The LD_22.h5 file contains the LD values, calculated using the r^2 metric, for chromosome 22. The file has 3 different datasets. The Chromosome22 dataset contains the entire LD matrix and the other two contain the matrix at lower resolutions. In the future HDFView could be extended so that scientists could make selections in the lower resolution datasets and directly zoom into the higher resolution datasets. The LD_19.h5 file uses the same structure for chromosome 19.
You can inspect the files with HDFView after downloading them to your computer.
CAUTION: Attempting to open any dataset except the lowest resolution might result in the viewer crashing.
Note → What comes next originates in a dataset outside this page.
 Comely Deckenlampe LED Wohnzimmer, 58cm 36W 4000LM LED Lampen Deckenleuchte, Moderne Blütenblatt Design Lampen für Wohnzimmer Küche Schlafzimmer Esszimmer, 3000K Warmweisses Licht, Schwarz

This is a known problem where HDFView has trouble opening extremely large datasets and this will be addressed in a future version of HDFView.
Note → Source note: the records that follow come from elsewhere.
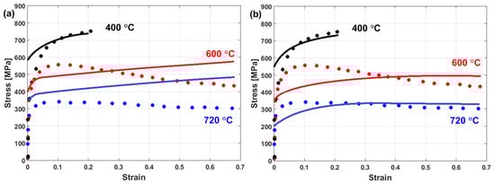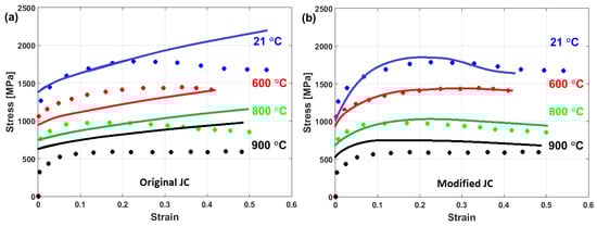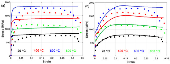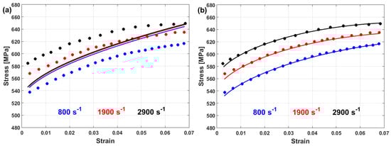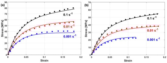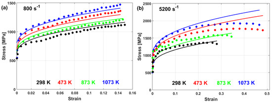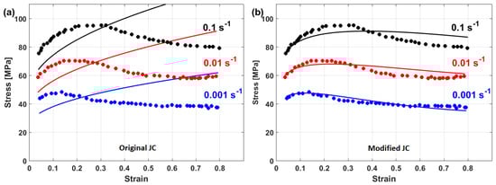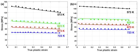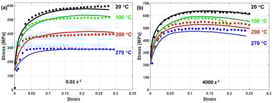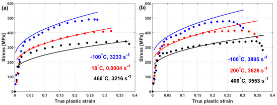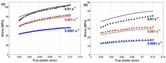 Experimental stresses (markers) compared to predicted stresses (solid lines) obtained by the modified JC that was presented by Hou Q. Y. et al. [74] for Mg–10Gd–2Y–0.5Zr alloy with the following dimensions: (a) Փ 10 mm × 5 mm and (b) Փ 10 mm × 4 mm.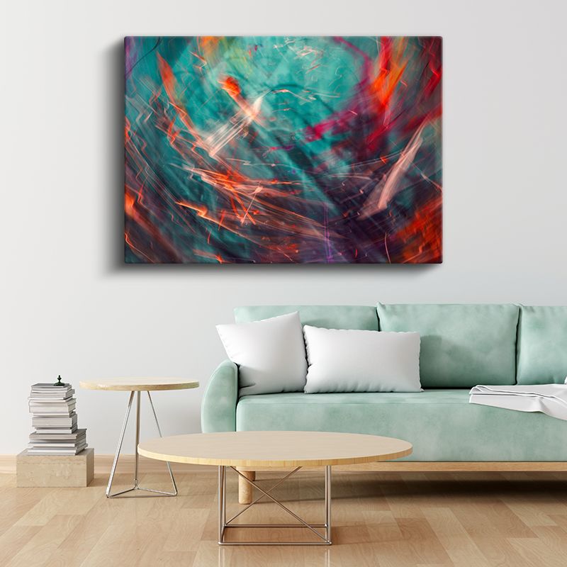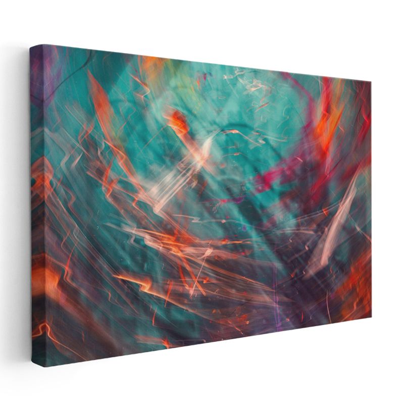 Kozmik Enerji - Turkuaz ve Kırmızı Tonlarında Dinamik Soyut Kanvas Tablo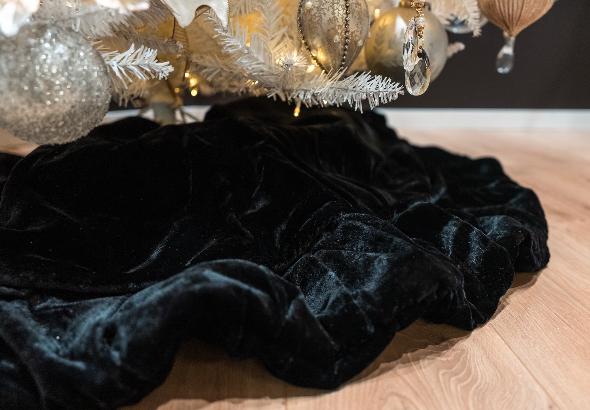 Complete your holiday display with the luxurious charm of our Plush Black Velvet Christmas Tree Skirt. Crafted from ultra-soft velvet, this elegant piece adds a rich, festive foundation to your tree while coordinating perfectly with our matching stockings, ribbons, and bows for a cohesive and elevated holiday look.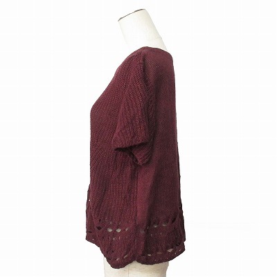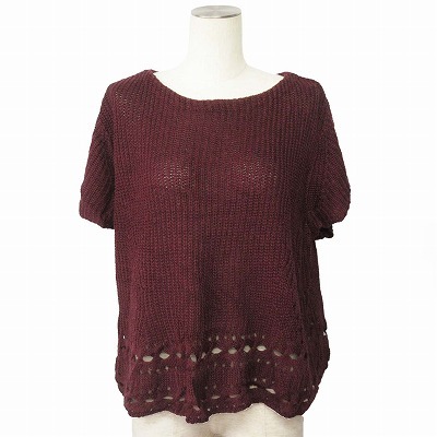 C'EST CHIC'A BLEU セシカ ニット 透かし編み 半袖 シルク混 ボルドー レディース
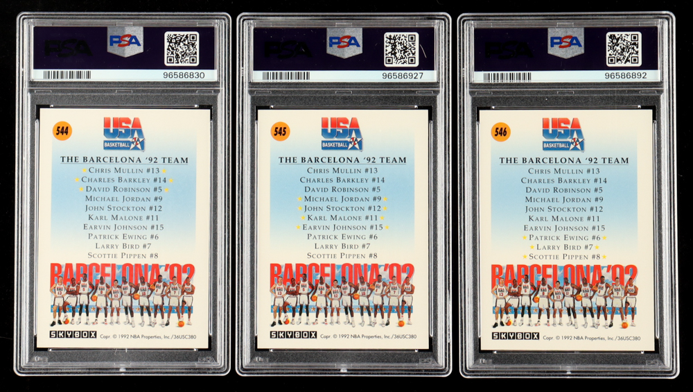 This three-card set features (10) players from the 1992 Team USA Olympic basketball team, with Chris Mullin, Charles Barkley, David Robinson, Michael Jordan, John Stockton, Karl Malone, Magic Johnson, Patrick Ewing, Larry Bird, and Scottie Pippen.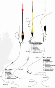Une laisse jusqu'à 30 cm de long est constituée d'un simple fil monofilament d'une section de 0,02 mm plus fine que la ligne principale. Pour la pêche avec des buses à légumes et de gros vers de fumier, les hameçons n ° 8-10 sont attachés à la laisse, lorsque vous utilisez des vers de vase, des asticots et des shitik, des hameçons plus petits et plus minces n ° 12-14 sont utilisés.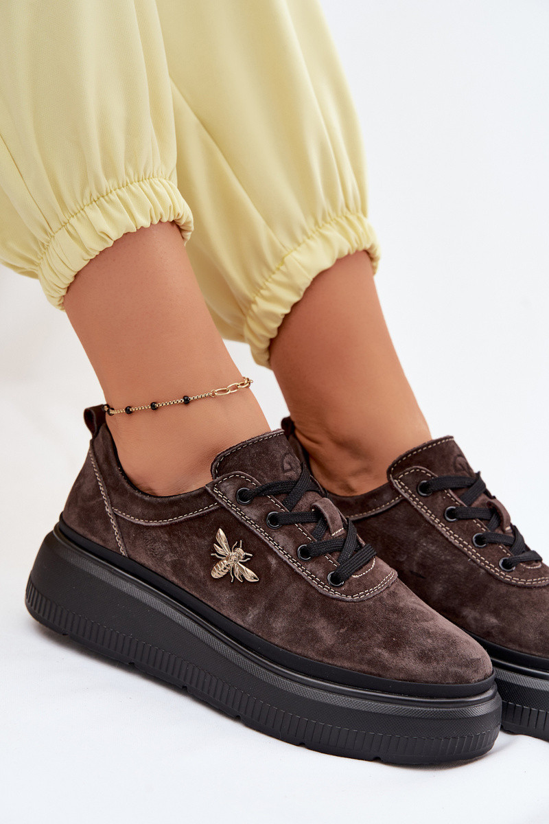 Faux-Suede Schuhe mit Plattform Vinceza 41523 schokoladenbraun
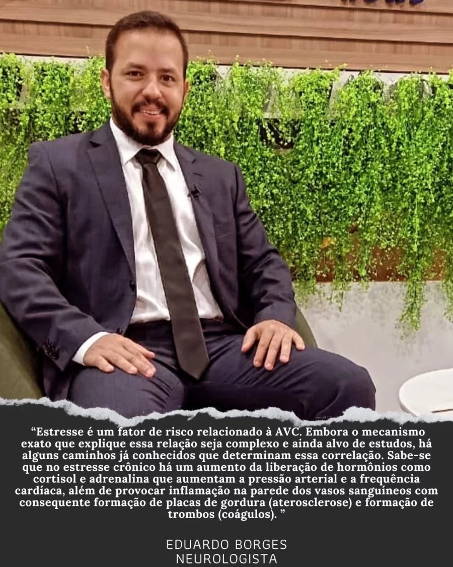 Ainda nesse ponto, o médico Eduardo Borges indica que o estresse crônico aumenta a liberação de hormônios que podem influenciar na pressão arterial e na frequência cardíaca.

As of now the only way to access the higher resolution images is by using the open as functionality and manually subsetting the data. While the size of the dataset is not very high, (achieved through compression) the actual number of elements is still very high. DO NOT CLICK on Chromosome22 dataset to see the data after opening the file with HDFView. Use "Right click" on the dataset, then choose "Open As" from the menu; dialog window with a small image will appear; you may which to choose "Image" to display the dataset; use the left mouse button to select a small region.
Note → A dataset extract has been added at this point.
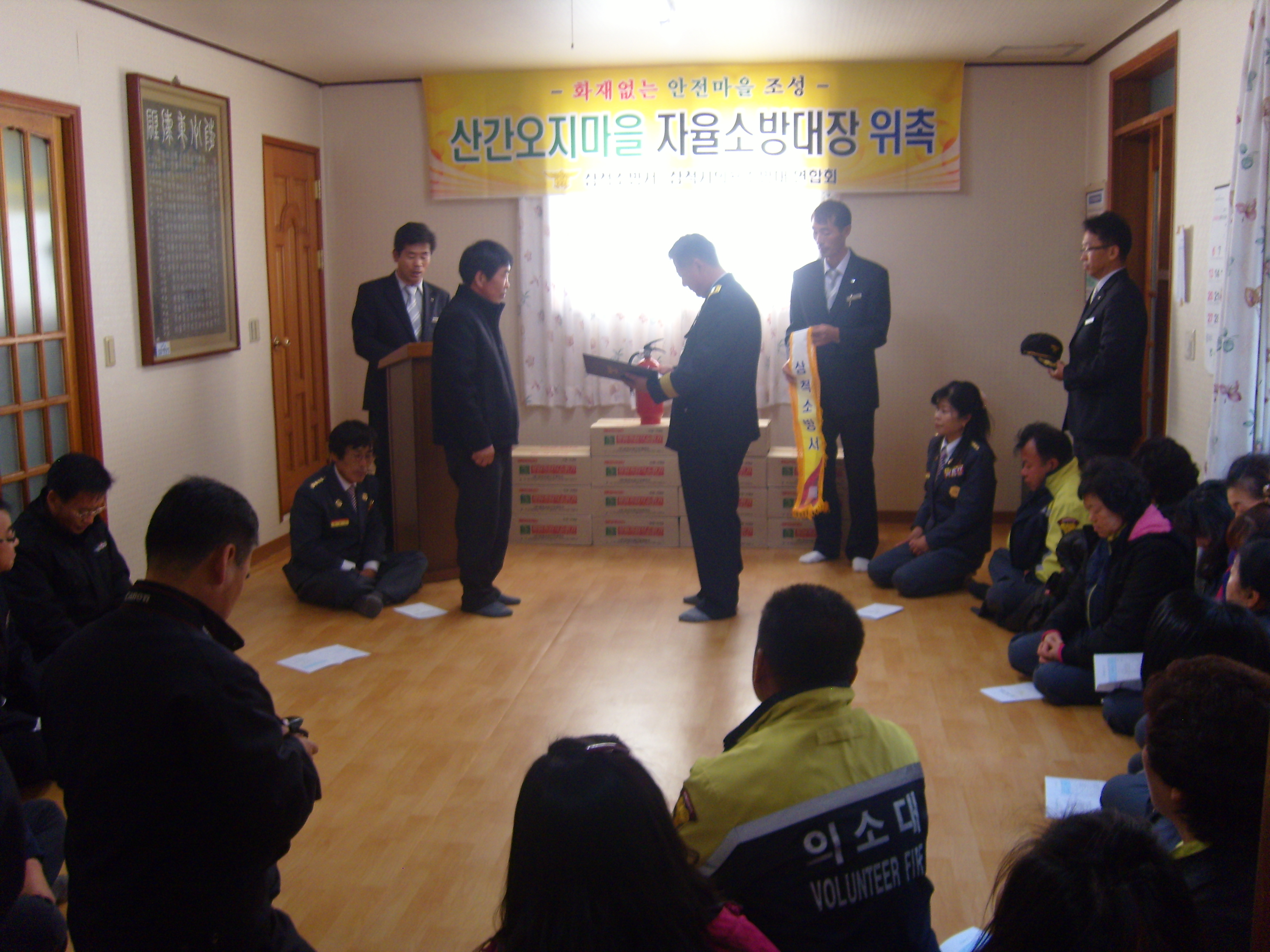 하장남.여의소대원에서는 11월 16일 하장면 대전리에 화재경보기 50개를 증정하였습니다. 남여 대원들이 집집마다 다니면서 화재경보기를 직접 달아드리고 소화기가 없는 가정에는 소화기도 배치해드렸습니다. 그리고 오후 2시에는 서정님을 비롯한 많은 관계자 여러분들이 오셔서 명예소방관 위촉식을 하였습니다.

The hapmap*.h5 files contain all the SNP data for Chromosome 22. In the file hapmap_num_indexes.h5, we have created projection indexes on rs# and position, so that efficient subsetting based on these attributes can be supported.
Use HDFView to inspect the files after downloading them to your computer.
This is an example of storing genotype data in HDF5. The file contains data for the adrb2 beta-2 adrenergic receptor gene.
Use HDFView to inspect the file after you download it to your computer.
Early Pearl Work
Sample Perl wrappers to HDF5 were created to illustrate how one might store genomic sequence data in HDF5, and to engage the bioinformatics community in these investigations.
The software distribution contains two modules: HDFPerl (wrappers) and BioHDF_Perl (high level APIs).
HDFPerl. Wrappers for a subset of the HDF5 functions have been developed to provide a simple Perl interface to HDF5.
BioHDF_Perl. A second Perl API has been implemented to illustrate how one might import genomic sequence data from FASTA format files into the HDF5 format. This API also creates indexes in HDF5 that allow limited search operations on data.
Performance Study: HDF5 vs. FASTA
A performance study was conducted in which we compare HDF5 with the FASTA format in terms of (a) storage use and (b) time to access genomic sequence data using traditional text-management tools for FASTA and BioHDF_Perl for HDF5. Results show that HDF5 can provide storage efficiency through its use of compression and still allow fast random access through its ability to store indexes along with compressed, chunked data.